Source records:
*-*-*

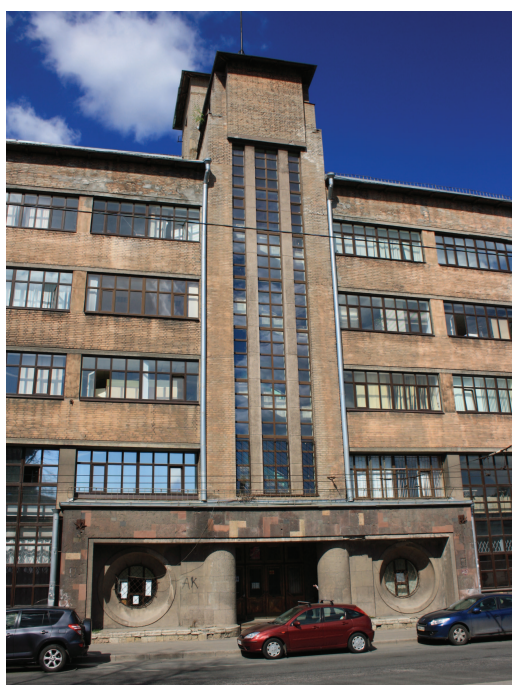
Рис. 3. Современный вид фасада 2-го корпуса НИИПТ

нечными овальными балконами, размещавшимися вокруг огромного центрального зала, что создавало неповторимую уникальную картину. На наш взгляд, было построено по-своему красивое производственное здание, аналогичных решений лабораторий ТВН с выходом из камеральных помещений прямо на балкон испытательного зала, по-видимому, не было и нет.
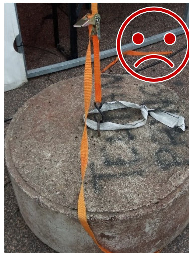
S-koukku irtoaa rakenteen joustassa tuulella. Kiinnitystä ei ole lukittu kiinnityspisteeseen.
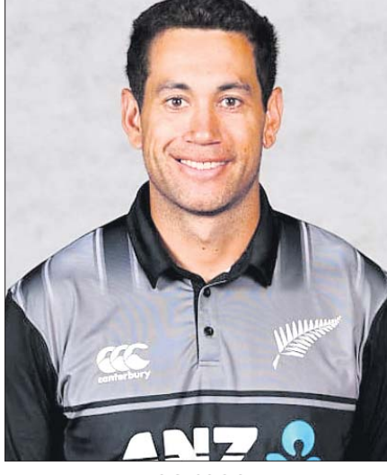
ରସ୍ ଟେଲର ଅଧିକ ବୋଲି ଟେଲର କହିଛନ୍ତି। ଦିନିକିଆ ୫୦ ଓଭର ବିଶିଷ୍ଟ ଖେଳ ହୋଇଥିବାକୁ ମ୍ୟାଚ୍ ଚାଲି ହେବା ମଧ୍ୟ ଗୋଟିଏ ଭଲ ପରିଣାମ ବୋଲି ସେ କହିଛନ୍ତି। ଉଲ୍ଲେଖଥାଉ କି, ସୁପର ଓଭରରେ ନ୍ୟୁଜିଲାଣ୍ଡର ପ୍ରଦର୍ଶନ ନୈରାଶ୍ୟଜନକ ରହିଛି। ୮ଟି ସୁପର ଓଭର ଖେଳି ନ୍ୟୁଜିଲାଣ୍ଡ ୭ଟିରେ ପରାଜୟ ବରଣ କରିଛି।

ଭୁଆଦିଲ୍ଲା, ୨୬୬୬ (ପି.ଟି.): ଦିନିକିଆ ଫର୍ମାଟ୍ରେ ସୁପର ଓଭରର ଆବଶ୍ୟକତା ନାହିଁ ବୋଲି ନ୍ୟୁଜିଲାଣ୍ଡ ସିନିୟର ବ୍ୟାଟ୍ସମ୍ୟାନ ରସ୍ ଟେଲର କହିଛନ୍ତି। ଯଦି ମ୍ୟାଚ୍ ଚାଲି ହୁଏ ତା'ହେଲେ ଦୁଇ ଫାଇନାଲିଷ୍ଟକୁ ଯୁକ୍ତ ବିଭେଦ ଯୋଗିତ ଉଚିତ ବୋଲି ସେ ମତ ଦେଇଛନ୍ତି। ଇଂଲଣ୍ଡରେ ଅନୁଷ୍ଠିତ ୨୦୧୯ ଦିନିକିଆ ବିଶ୍ୱକପ୍ ଫାଇନାଲରେ ଇଂଲଣ୍ଡ ଓ ନ୍ୟୁଜିଲାଣ୍ଡ ପରସ୍ପରକୁ ଭେଟିଥିଲେ। ଏହି ମ୍ୟାଚ୍ ଚାଲି ରହିବା ପରେ ସୁପର ଓଭରର ସହାୟତା ନିଆଯାଇଥିଲା। ତେବେ ସୁପର ଓଭର ଚାଲି ରହିବା ପରେ ଦାଉଣ୍ଡରି ସଂଖ୍ୟାକୁ ଦୃଷ୍ଟିରେ ରଖି ଇଂଲଣ୍ଡ ଚାମ୍ପିୟନ ଘୋଷିତ ହୋଇଥିଲା। ଯଦି ଦୁଇଦଳକୁ ଚାମ୍ପିୟନ ଘୋଷିତ କରାଯାଇଥାନ୍ତା ତା'ହେଲେ ଭଲ ହୋଇଥାନ୍ତା ବୋଲି ଟେଲର କହିଛନ୍ତି। ବିଶ୍ୱକପ୍ରେ ଇଂଲଣ୍ଡକୁ ଚାମ୍ପିୟନ ଘୋଷିତ କରିବା ପରେ ଅର୍ଦ୍ଧଶତାବ୍ଦୀ କ୍ରିକେଟ୍ କାଉନ୍ସିଲ୍ (ଆଇସିସି) ବିଭିନ୍ନ ମହଲରୁ କଡ଼ା ସମାଲୋଚନାର ଶିକାର ହୋଇଥିଲା। ଫଳରେ ଆଇସିସି ସୁପର ଓଭର ନିୟମରେ ପରିବର୍ତ୍ତନ ଆଣିଥିଲା। ଗୁଆ ନିୟମ ଅନୁସାରେ ମ୍ୟାଚ୍ ଚାଲି ହେଲେ ବିଭେଦ ନିରୁପଣ ନ ହେବା ପର୍ଯ୍ୟନ୍ତ ସୁପର ଓଭର ବାରମ୍ବାର ଖେଳାଯିବ ଓ ଏ ନେଇ ଆଇସିସି ନିୟମରେ ସଂଶୋଧନ କରିଛି। ତେବେ ଦୁଇ ଦଳ ଯଦି ଟ୍ରଫି ଭାଗ କରିବେ ତାହାର ପ୍ରାସଙ୍ଗିକତା
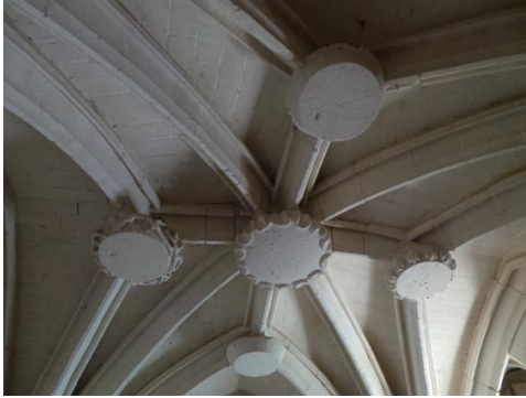
Vue des plafonds intérieur
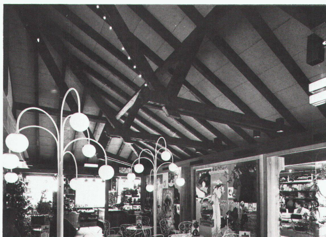
Autobahnrestaurant Mövenpick in Yverne-Aigle VD: 1200 m 2 Schichtex-Spezial 75/III, in Speziallängen, mit Längsfalz und Strukturanstrich, weiss gebrochen, auf Holzpfetten montiert.

Seit einem Jahr sind Floracron-Böschungsteine auf dem Schweizer Baumaterialienmarkt erhältlich. In dieser Zeitspanne haben sich diese Steine bereits bestens für Böschungssicherungen oder Terrassierungen mit Stützfunktion für mittlere Höhen bewährt. Die zweikammrigen Floracron-Steine bieten Gewähr für eine wirklich grüne Böschung und ermöglichen ein harmonisches Zusammenwirken von Fertigelement, Erdreich und Vegetation. Als weiteres Plus hat sich der Humus-
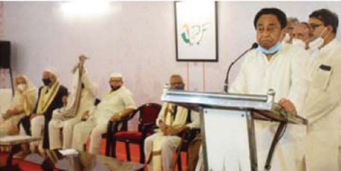
कांग्रेस ने गोरों से देश बचाया था अब सौदागरों से लोकमत बचावेगी
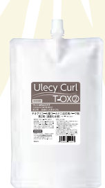
ウレシーカール T-OX 1000mL リキッドタイプ 医薬部外品
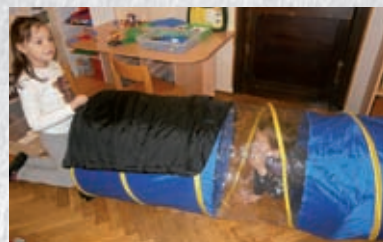
Deni M. (6,6 g.) i Hana M. (5,11 g.) pokušavaju zatvoriti ulaze u platneni tunel kako bi se unutra čula jeka

Istraživanje načina na koji riješiti ovaj problem nastavilo se i narednih dana, djeca su dolazila do raznih drugih ideja. No, smatramo da dobit za djecu ne proizlazi iz toga jesu li na kraju uspješna pomaknuti lastike ili ne, nego iz onoga što se događalo dok su zajedno tražili
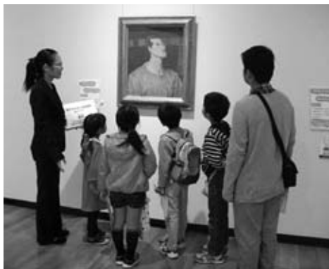
広島県立美術館にて、鬚光の作品を鑑賞しました

◎入賞者を招待して、広島県立美術館で鬚光の「帽子をかむる自画像」と「コミサ（洋傘による少女）」を鑑賞しました。
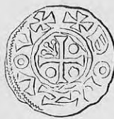
Nr. 21. Str. 32.
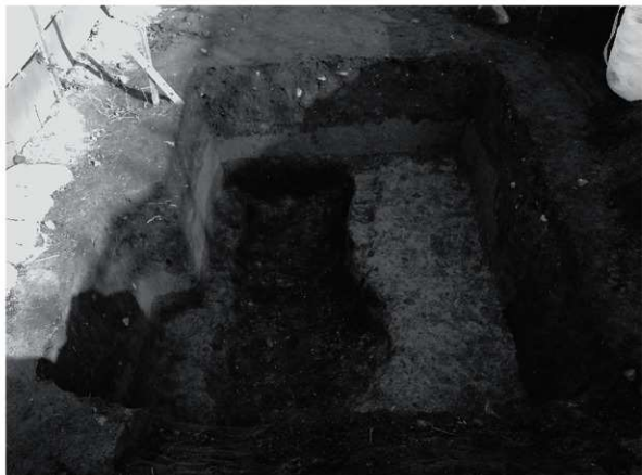
2 拡張区 SD 6 (南から)
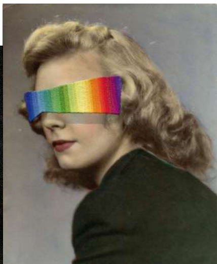
© Julie Cockburn, courtesy of Flowers Gallery / Chose commune.
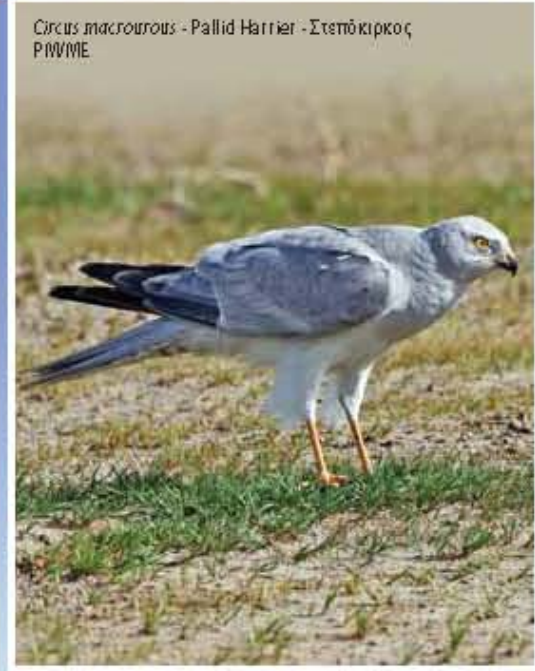
Circus macrourus - Pallid Harrier - Στεπόκιρκος P/MBME

ΑΠΕΙΛΕΣ ΓΙΑ ΤΑ ΠΟΥΛΙΑ ΤΗΣ ΠΕΡΙΟΧΗΣ • Η χρήση αγροχημικών οικιακών μύτων • Η αλλοίωση της φυσικής βλάστησης με τη φύτευση πολλών ξενικών ειδών • Η μετέωρη και ποικίλη διαθεσιμότητα νερού και τροφής • Οι άσσοι και η υδρογεία και η κλιματική αλλαγή • Οι λοιπές δραστηριότητες • Παρόνομα ποταμώματα και λαθροθηρία • Αυξημένη πρόσβαση MAIN THREATS FOR BIRDS IN THE SITE • Heavy use of agrochemicals • Alteration of natural vegetation through planting of alien species • Seasonal scarcity of water and food • Forest fires and climate change • Quarrying activities • Illegal trapping and poaching • Increased access
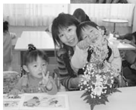
クリスマスにはアレンジメント作りました！
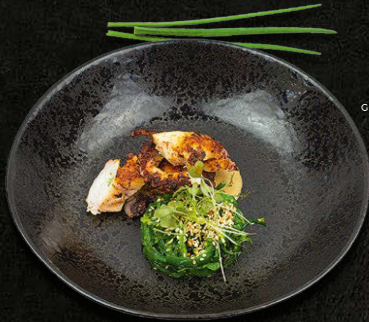
GRILLOWANA OŚMIORNICA Grillowana ośmiornica, sos sezamowy, togarashi, goma wakame 125 PLN
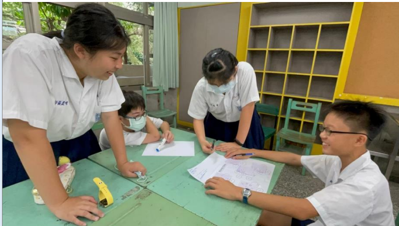
透過小組合作，運用英文俳句，將地景攝影之作品之詮釋，因著文具有了不同的感受與發現。
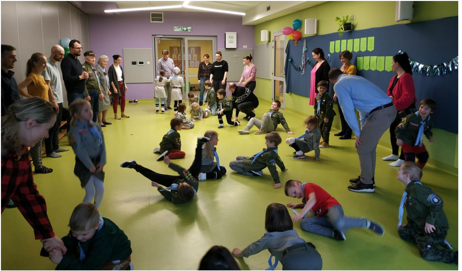
„Pluśniesz ? plusnę, no to – plum !!! ”
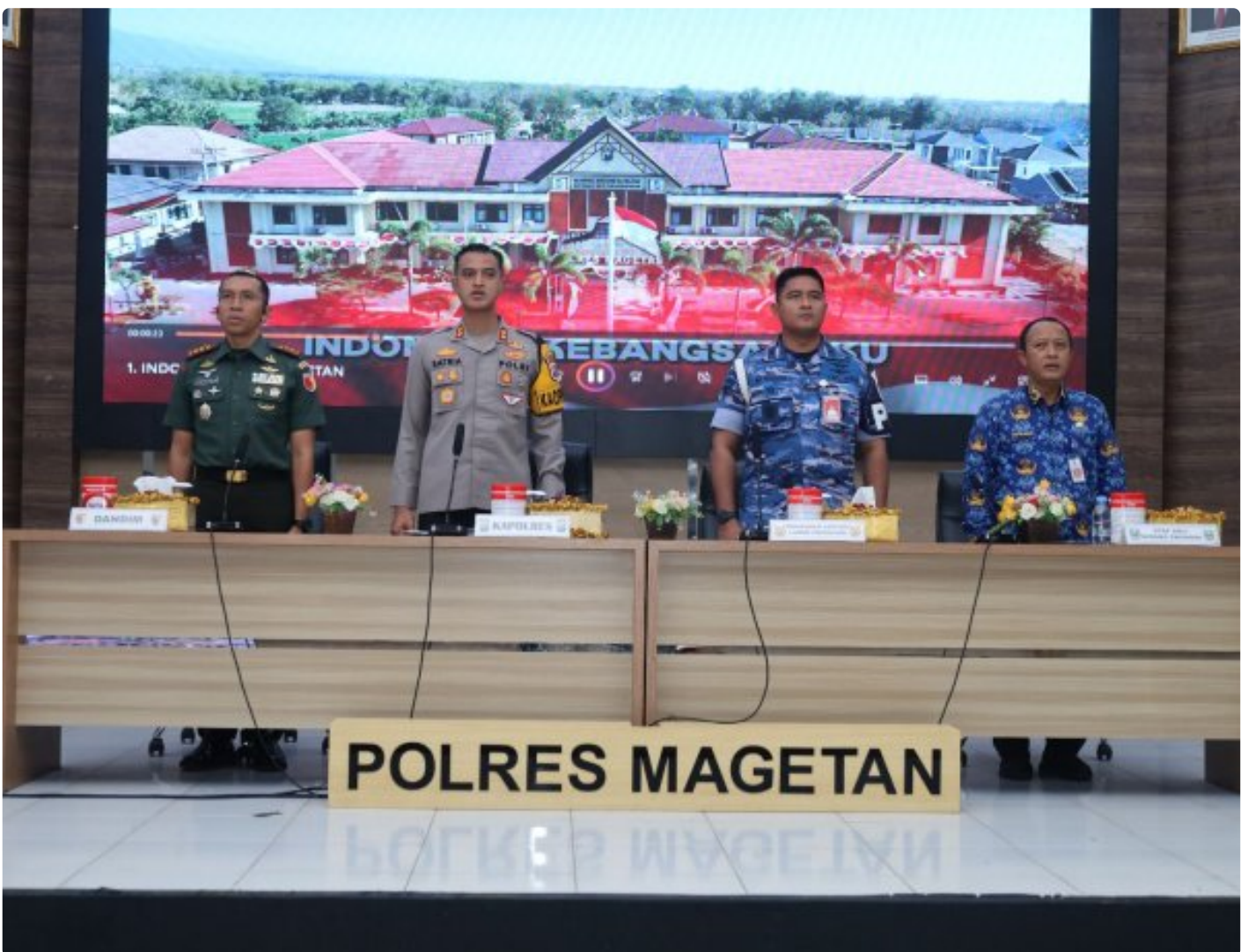
Dandim 0804/Magetan Hadiri Rakor Lintas Sektoral kesiapan operasi lilin 2024

Magetan. – Guna meningkatkan Sinergitas dalam rangka kesiapan operasi lilin 2024 pengamanan Hari Raya Natal 2024 dan Tahun Baru 2025 di wilayah Kabupaten Magetan yang aman dan kondusif.

*-*-*

> TASK TO COMPLETE: Repeat, with no pictures, every line from the top of the entries above through the line that has "Autobahnrestaurant Mövenpick in", keeping each one exact.

> TASK SOLUTION:
Рис. 3. Современный вид фасада 2-го корпуса НИИПТ

нечными овальными балконами, размещавшимися вокруг огромного центрального зала, что создавало неповторимую уникальную картину. На наш взгляд, было построено по-своему красивое производственное здание, аналогичных решений лабораторий ТВН с выходом из камеральных помещений прямо на балкон испытательного зала, по-видимому, не было и нет.
S-koukku irtoaa rakenteen joustassa tuulella. Kiinnitystä ei ole lukittu kiinnityspisteeseen.
ରସ୍ ଟେଲର ଅଧିକ ବୋଲି ଟେଲର କହିଛନ୍ତି। ଦିନିକିଆ ୫୦ ଓଭର ବିଶିଷ୍ଟ ଖେଳ ହୋଇଥିବାକୁ ମ୍ୟାଚ୍ ଚାଲି ହେବା ମଧ୍ୟ ଗୋଟିଏ ଭଲ ପରିଣାମ ବୋଲି ସେ କହିଛନ୍ତି। ଉଲ୍ଲେଖଥାଉ କି, ସୁପର ଓଭରରେ ନ୍ୟୁଜିଲାଣ୍ଡର ପ୍ରଦର୍ଶନ ନୈରାଶ୍ୟଜନକ ରହିଛି। ୮ଟି ସୁପର ଓଭର ଖେଳି ନ୍ୟୁଜିଲାଣ୍ଡ ୭ଟିରେ ପରାଜୟ ବରଣ କରିଛି।

ଭୁଆଦିଲ୍ଲା, ୨୬୬୬ (ପି.ଟି.): ଦିନିକିଆ ଫର୍ମାଟ୍ରେ ସୁପର ଓଭରର ଆବଶ୍ୟକତା ନାହିଁ ବୋଲି ନ୍ୟୁଜିଲାଣ୍ଡ ସିନିୟର ବ୍ୟାଟ୍ସମ୍ୟାନ ରସ୍ ଟେଲର କହିଛନ୍ତି। ଯଦି ମ୍ୟାଚ୍ ଚାଲି ହୁଏ ତା'ହେଲେ ଦୁଇ ଫାଇନାଲିଷ୍ଟକୁ ଯୁକ୍ତ ବିଭେଦ ଯୋଗିତ ଉଚିତ ବୋଲି ସେ ମତ ଦେଇଛନ୍ତି। ଇଂଲଣ୍ଡରେ ଅନୁଷ୍ଠିତ ୨୦୧୯ ଦିନିକିଆ ବିଶ୍ୱକପ୍ ଫାଇନାଲରେ ଇଂଲଣ୍ଡ ଓ ନ୍ୟୁଜିଲାଣ୍ଡ ପରସ୍ପରକୁ ଭେଟିଥିଲେ। ଏହି ମ୍ୟାଚ୍ ଚାଲି ରହିବା ପରେ ସୁପର ଓଭରର ସହାୟତା ନିଆଯାଇଥିଲା। ତେବେ ସୁପର ଓଭର ଚାଲି ରହିବା ପରେ ଦାଉଣ୍ଡରି ସଂଖ୍ୟାକୁ ଦୃଷ୍ଟିରେ ରଖି ଇଂଲଣ୍ଡ ଚାମ୍ପିୟନ ଘୋଷିତ ହୋଇଥିଲା। ଯଦି ଦୁଇଦଳକୁ ଚାମ୍ପିୟନ ଘୋଷିତ କରାଯାଇଥାନ୍ତା ତା'ହେଲେ ଭଲ ହୋଇଥାନ୍ତା ବୋଲି ଟେଲର କହିଛନ୍ତି। ବିଶ୍ୱକପ୍ରେ ଇଂଲଣ୍ଡକୁ ଚାମ୍ପିୟନ ଘୋଷିତ କରିବା ପରେ ଅର୍ଦ୍ଧଶତାବ୍ଦୀ କ୍ରିକେଟ୍ କାଉନ୍ସିଲ୍ (ଆଇସିସି) ବିଭିନ୍ନ ମହଲରୁ କଡ଼ା ସମାଲୋଚନାର ଶିକାର ହୋଇଥିଲା। ଫଳରେ ଆଇସିସି ସୁପର ଓଭର ନିୟମରେ ପରିବର୍ତ୍ତନ ଆଣିଥିଲା। ଗୁଆ ନିୟମ ଅନୁସାରେ ମ୍ୟାଚ୍ ଚାଲି ହେଲେ ବିଭେଦ ନିରୁପଣ ନ ହେବା ପର୍ଯ୍ୟନ୍ତ ସୁପର ଓଭର ବାରମ୍ବାର ଖେଳାଯିବ ଓ ଏ ନେଇ ଆଇସିସି ନିୟମରେ ସଂଶୋଧନ କରିଛି। ତେବେ ଦୁଇ ଦଳ ଯଦି ଟ୍ରଫି ଭାଗ କରିବେ ତାହାର ପ୍ରାସଙ୍ଗିକତା
Vue des plafonds intérieur
Autobahnrestaurant Mövenpick in Yverne-Aigle VD: 1200 m 2 Schichtex-Spezial 75/III, in Speziallängen, mit Längsfalz und Strukturanstrich, weiss gebrochen, auf Holzpfetten montiert.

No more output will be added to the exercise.